I have just received 4 letters from the Market Place all with 7 pages including a corrected 1095-A for *2015.*
Their original 1095-A for 2015 was filed 18 months ago
I spent over an hour on the phone to O’care trying to sort this mess out. All their figures differ from my healthcare provider's correct figures and the 1095's will have to be sent to me again.

They cannot fax or attach to an email or simply mail because I am living outside of the US.
Just how inefficient can this outfit be?

I now have to make arrangements for an accountant to forward this mail and go through amending my 2015 returns including 8962 and presumably a 1040X.
More expense in sorting out this no fault of my own mess.
Any one else had the same?


----------



## Bevdeforges (Nov 16, 2007)

How much money is involved here? Because if it isn't a large sum, I'd be inclined to just ignore it all and let sleeping dogs lie, as the old expression goes. 

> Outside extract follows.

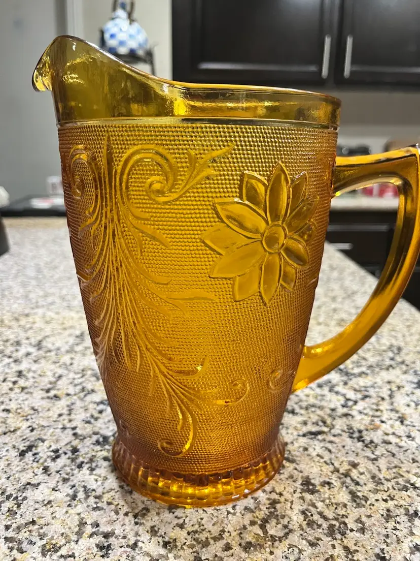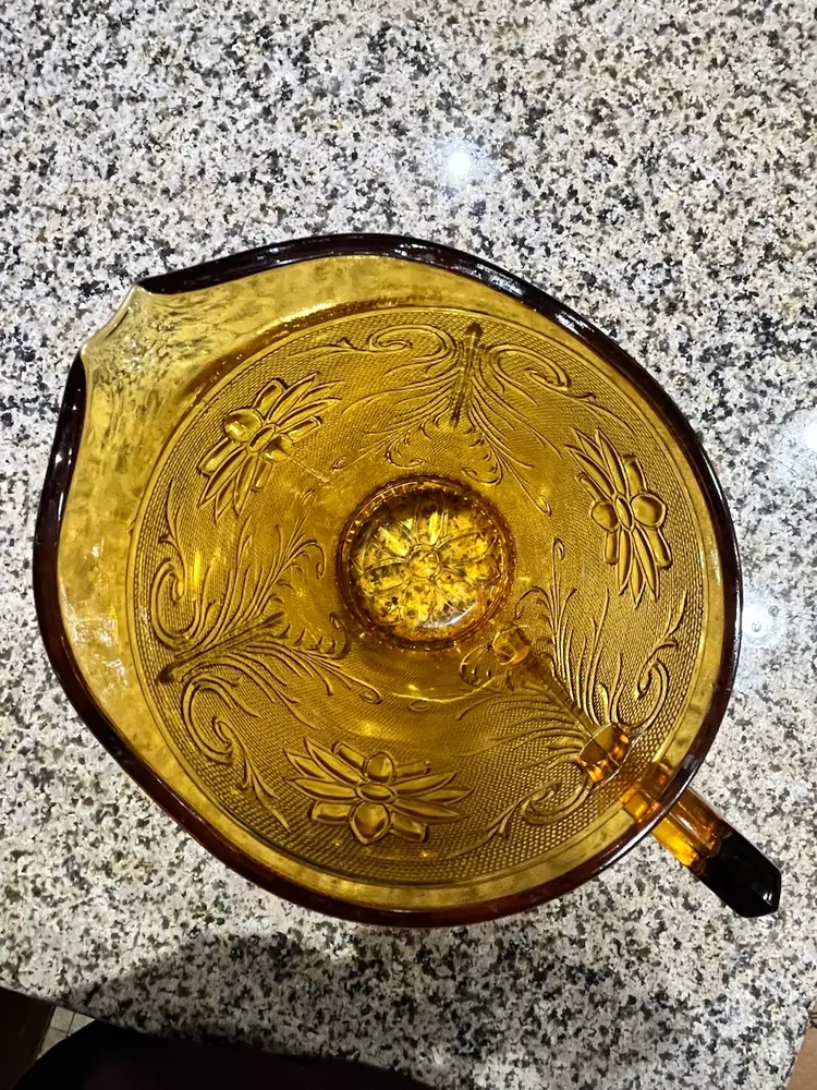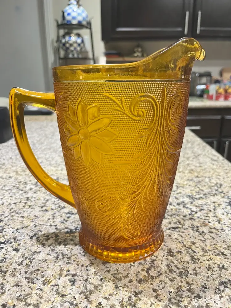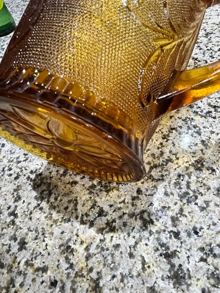 Vintage amber-colored glass pitcher, specifically identified as an Indiana Glass Tiara Sandwich pattern pitcher, likely dating back to the 1960s or 1970s.

As I understand it, the 1095-a is the form the healthcare provider sends you to inform you of what information they have provided to the IRS regarding your compliant coverage. If you are living overseas now, you're no longer subject to the whole healthcare thing, and unless you're due a huge subsidy based on the original (wrong) information, I'd let the IRS wrestle with whatever the changes are - and if you owe them something, I'm sure they'll be in touch.
Cheers,
Bev


----------



## cirrus (Aug 2, 2014)

Bevdeforges said:


> How much money is involved here? Because if it isn't a large sum, I'd be inclined to just ignore it all and let sleeping dogs lie, as the old expression goes.
> 
> As I understand it, the 1095-a is the form the healthcare provider sends you to inform you of what information they have provided to the IRS regarding your compliant coverage. If you are living overseas now, you're no longer subject to the whole healthcare thing, and unless you're due a huge subsidy based on the original (wrong) information, I'd let the IRS wrestle with whatever the changes are - and if you owe them something, I'm sure they'll be in touch.
> Cheers,
> Bev


Thanks Bev, not much as far as I know but it's a possible fine if I leave it. 
Unfortunately I have not sold my house yet and they hang on to 15% (8862?)until they are satisfied they have screwed me for every last cent I would think.


----------



## Bevdeforges (Nov 16, 2007)

It depends, I think. And "given" that the current regime is committed to repealing Obamacare, didn't I hear that the IRS isn't going to be enforcing the whole Healthcare thing terribly strictly at the moment?
Cheers,
Bev


----------



## cirrus (Aug 2, 2014)

I hope so for others. Might save the taxpayer a bunch.
I personally have never dealt with such an inefficient company ever.
I have spent hours and hours on the phone and mailed many certified letters to them.
Initially, they had my GC, US D/L, passport and SSN and years later they still cannot verify my identity even with the help of my local senator who arranged 3 way tel-cons with them trying to sort this out.


----------